Gibt nicht so viel zu sagen heute. Bin viel spaziert und deshalb gibt es mehr zu sehen. Wir beginnen mit einem reinen Häuserblog. Zunächst ein Blick auf und in die Nationalbibliothek, mit herrlicher Brutaloarchitektur aus den 60ern.

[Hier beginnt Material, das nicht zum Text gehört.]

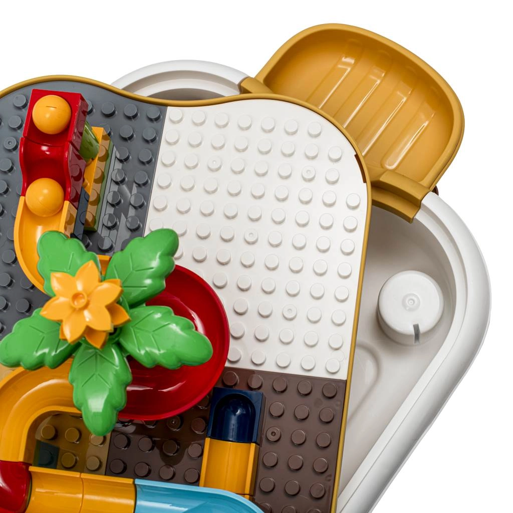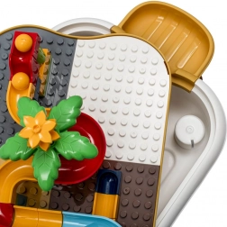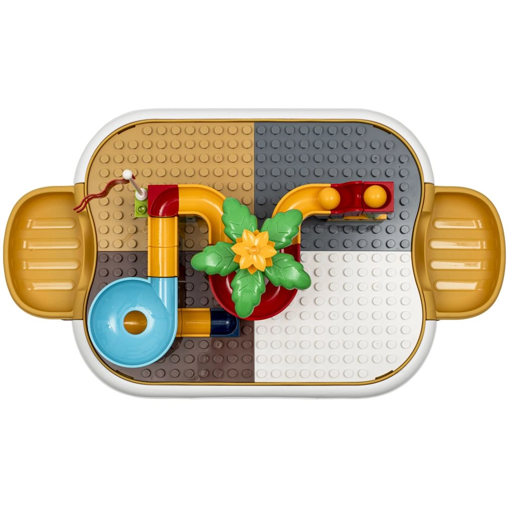 Questo tavolo da gioco compatto sviluppa fantasia, logica e motricità fine dei bambini. Sulla solida base con piastra a bottoncini (con stud) si possono costruire piste per biglie, torri e interi mondi. Inclusi tubi curvi, rampe ed elementi rotanti che guidano le biglie in modo divertente.
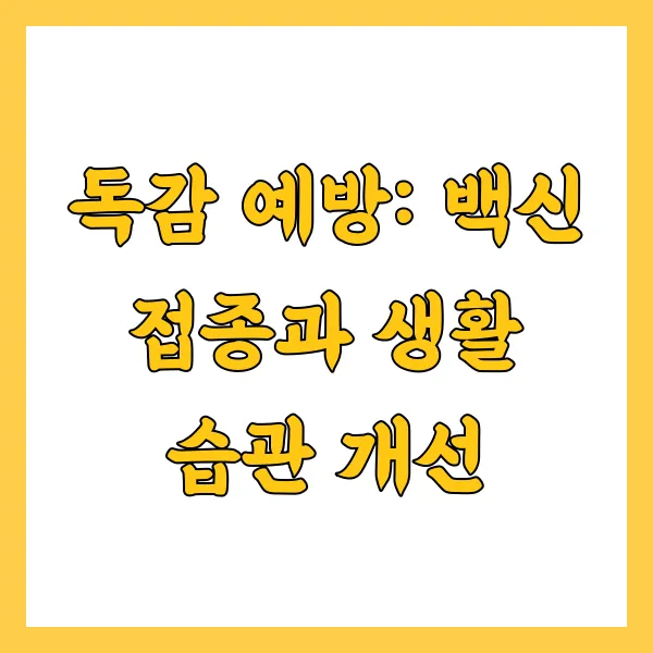 규칙적인 운동, 균형 잡힌 식사, 충분한 수면 등 건강한 생활 습관을 유지하면 면역력을 강화하고 독감 예방에 도움이 됩니다. 또한, 독감 유행 시기에는 사람이 많은 곳을 피하고 마스크를 착용하는 등 개인위생 관리를 철저히 해야 합니다. 손을 자주 씻는 것도 중요한 예방법 중 하나입니다. 비누를 사용하여 30초 이상 꼼꼼하게 손을 씻으면 독감 바이러스를 포함한 다양한 감염병 예방에 효과적입니다.
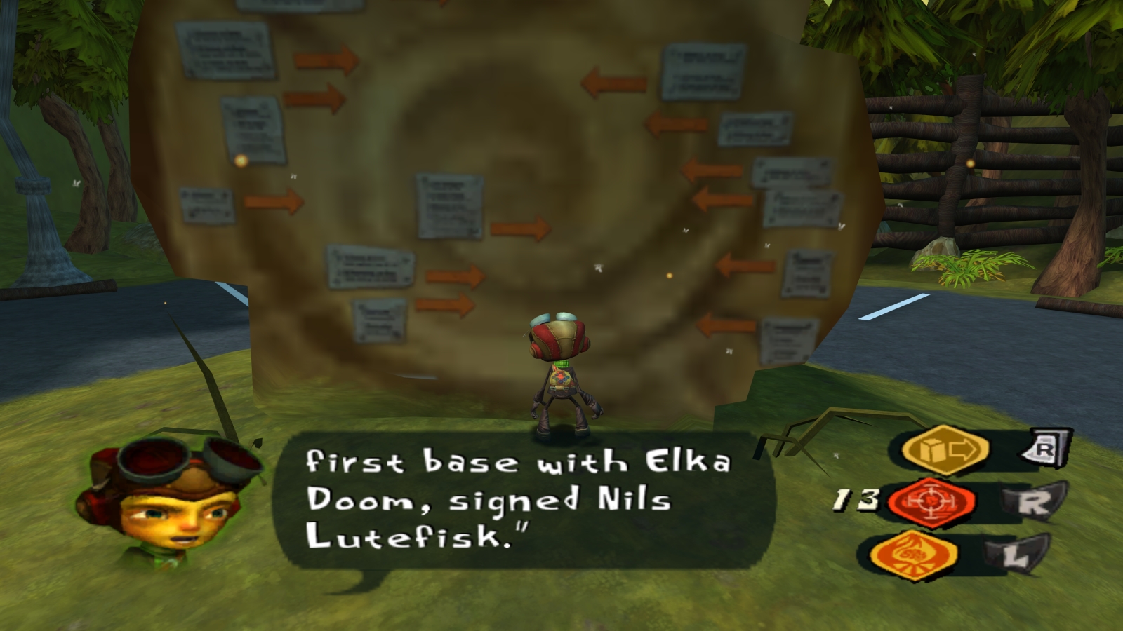 Whispering Rock is the game’s hub, and there’s a ton of stuff to do here. You start off by the kids cabins, but just outside of that is the main lodge and parking lot from which you can enter the woods or the lake. The area is an “Indian burial ground”… meaning Native Americans buried some of their stuff here, like arrowheads! Because the arrows are made of psytanium, the camp uses them as a currency in the main lodge’s shop, which is run by an elderly gentleman you’ll quickly grow familiar with as he seems to run literally everything around here. The shop sells crucial items like the dowsing rod, to find deeper, more valuable arrowheads, and the cobweb duster, which removes mental cobwebs. Around the camp, you can also find cards scattered about and some giant eyeballs with cards around them. Once you’ve discovered Agent Ford Cruller’s (the old man around camp) secret underground base, you can use his machines to convert mental cobwebs into a card, and a set of nine cards along with an eye from the camp store to create a full set and increase your rank by one. Increasing your rank will get you new powers, such as telekinesis, or upgrades to existing powers, like being able to throw things further with TK.
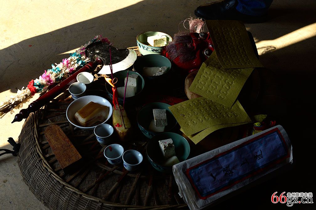 2019年5月23日花溪傩文化公园傩堂内正在举行还愿仪式。酧愿信士张女士说多年前在老家许的愿,如今全家从印江搬到金阳,一直没机会回老家还愿,知道此处可以还愿后便按老家的规矩前来,虔诚地跟着傩师做着每一道仪式。
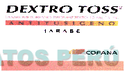 El logotipo conformado por la denominación DEXTRO TOSS escrita en letras características, seguida de la letra R dentro de un círculo (sin reivindicar), debajo la denominación ANTITUSIGENO escrita en letras características dentro de una figura rectangular y la denominación COFANA antecedida por una figura irregular y debajo una franja rectangular, todo en los colores negro, blanco, anaranjado y amarillo; conforme al modelo adjunto
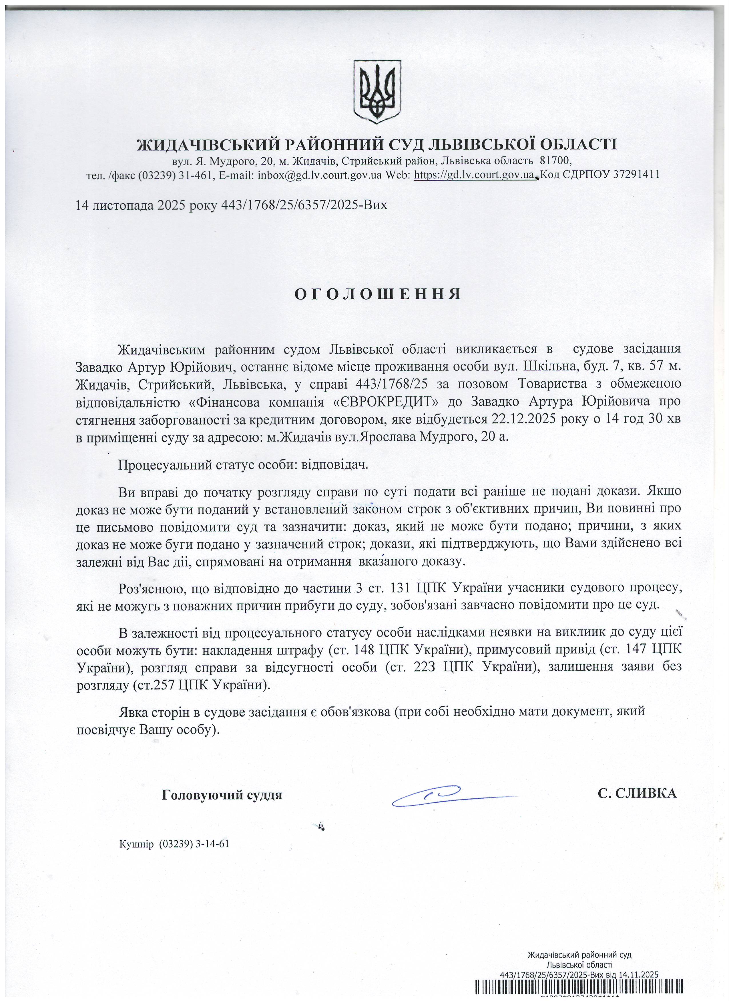Оголошення про виклик до суду Завадко А.Ю.
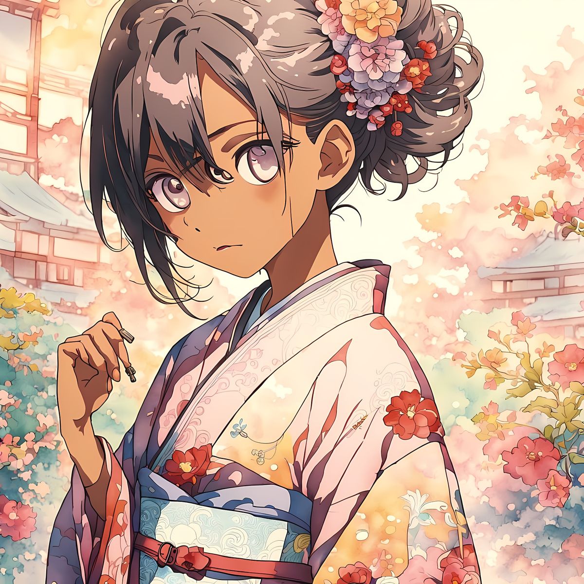This image shows an anime girl with tan skin in a vintage kimono with floral patterns, standing in a serene Japanese garden. This digital artwork is in a manga style.
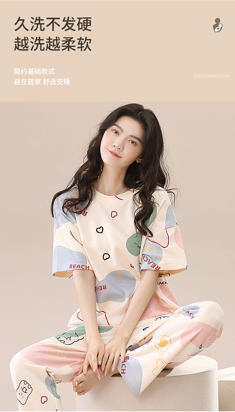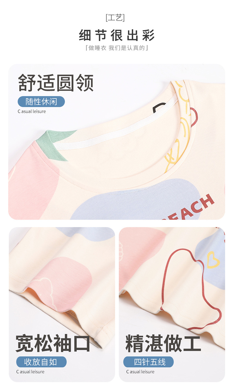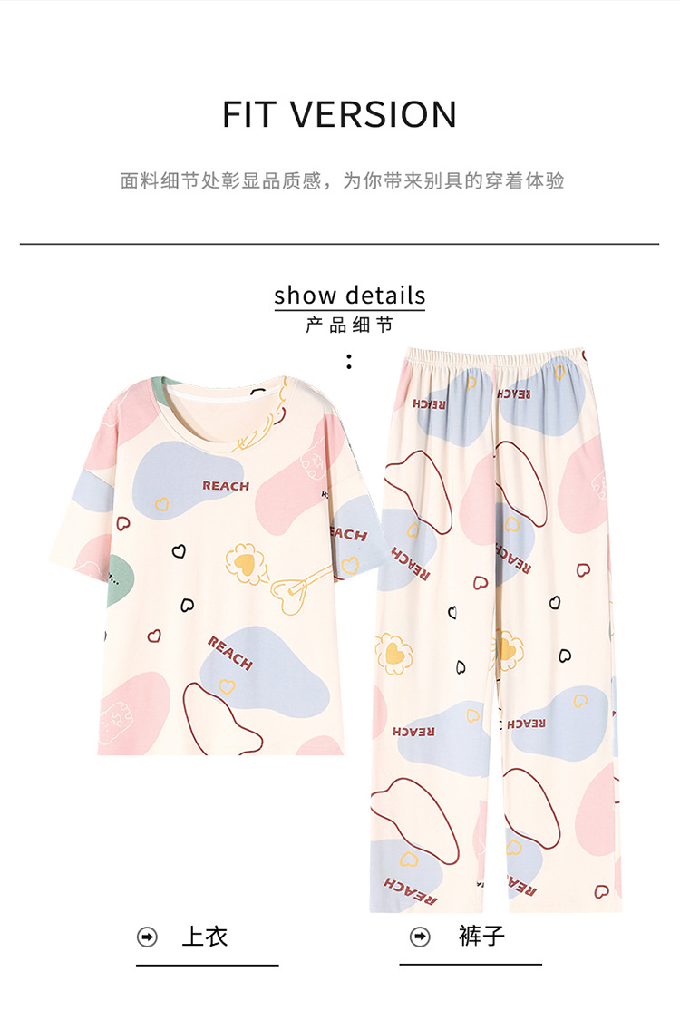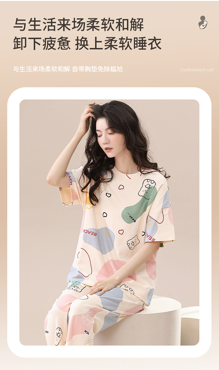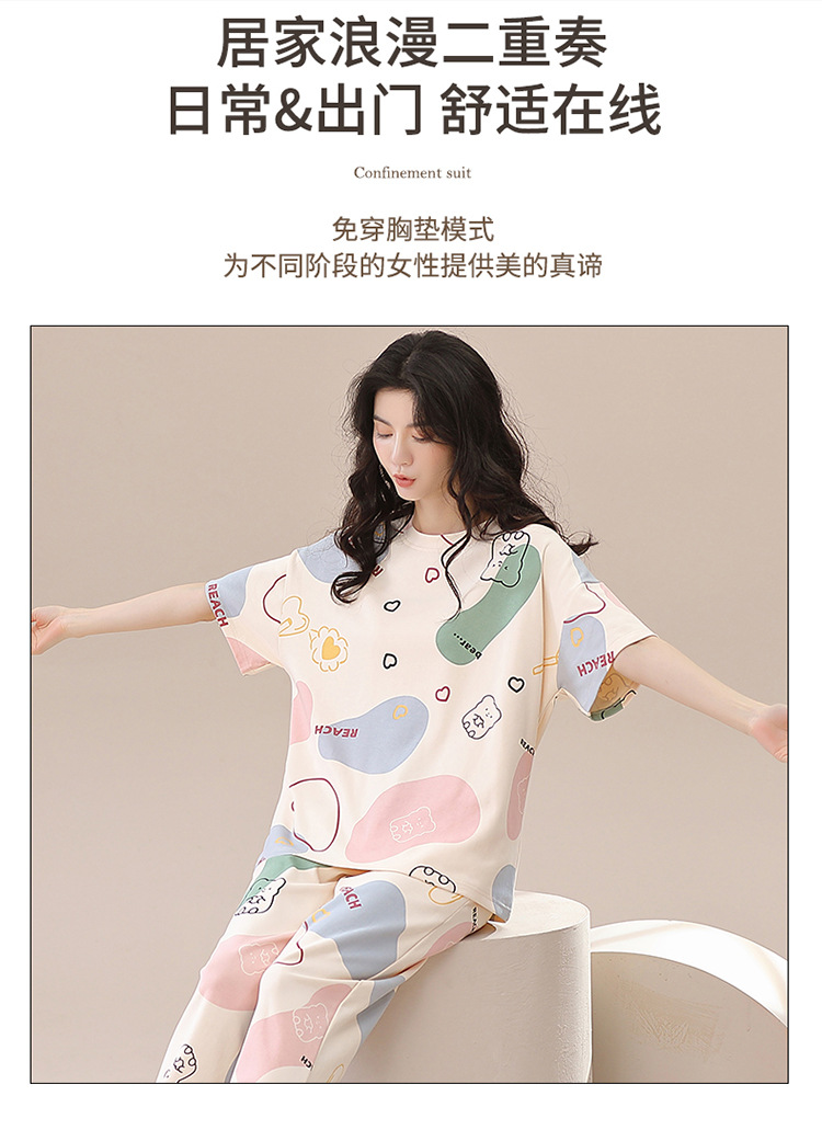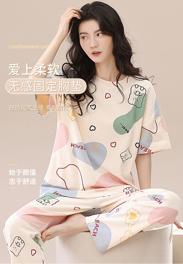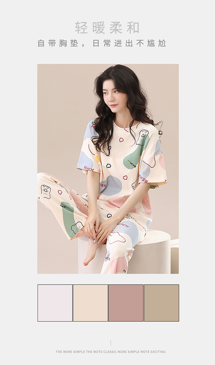 【带胸垫】全棉短袖长裤睡衣 夏季可外穿休闲女士家居服套装

Gefolgt von Häuserstapel, im Wechsel mit mondänen Straßenzügen des Wohngebiets Recoleta. Die Bevölkerungsdichte liegt bei 34.959 Einwohnern pro km².

Der Friedhof in Recoleta ist eine nationale Institution. Hier ruht die ganz große Prominenz. Jede Familie besitzt ein eigenes kleines Haus, in dem die Särge nicht vergraben sondern frei aufgebahrt sind. Einer scheint entkommen zu sein (zweitletztes Bild), begegnet bin ich ihm nicht ... 

Wer in Nostalgie schwelgen mag, dem empfehle ich einen Blick in die Galerie. Ich spaziere durch das Zentrum der Stadt, das durch fein herausgeputzte historische Passagen, Kaffeehäuser, Kirchen, aber durch liebevoll gepflegte Oldtimer, das Herz des altmodischen Flaneurs erwärmt. Kriegsveteranen auf dem Plaza de Mayo befinden sich in ihrem letzten Gefecht. In einem Argentinien-Blog ließt man dazu: „ ... sie fordern die Bestrafung ehemaliger Vorgesetzter, die sie während des Falklandkrieges 1982 misshandelt und gefoltert hatten. Die Bilanz dieses unsinnigen Abenteuers der argentinischen Diktatur waren 900 Tote, unter ihnen rund 650 argentinische Soldaten. Augenzeugen zufolge starben viele argentinische Militärs an den Folgen von Hunger und Kälte sowie den brutalen Misshandlungen und Menschenrechtsverletzungen, die ihnen von ihren Vorgesetzen zugefügt wurden.“

Zwischendurch streifen wir die Ultramoderne und sehen auf die gläsernen Türme des angrenzenden Bankenviertels.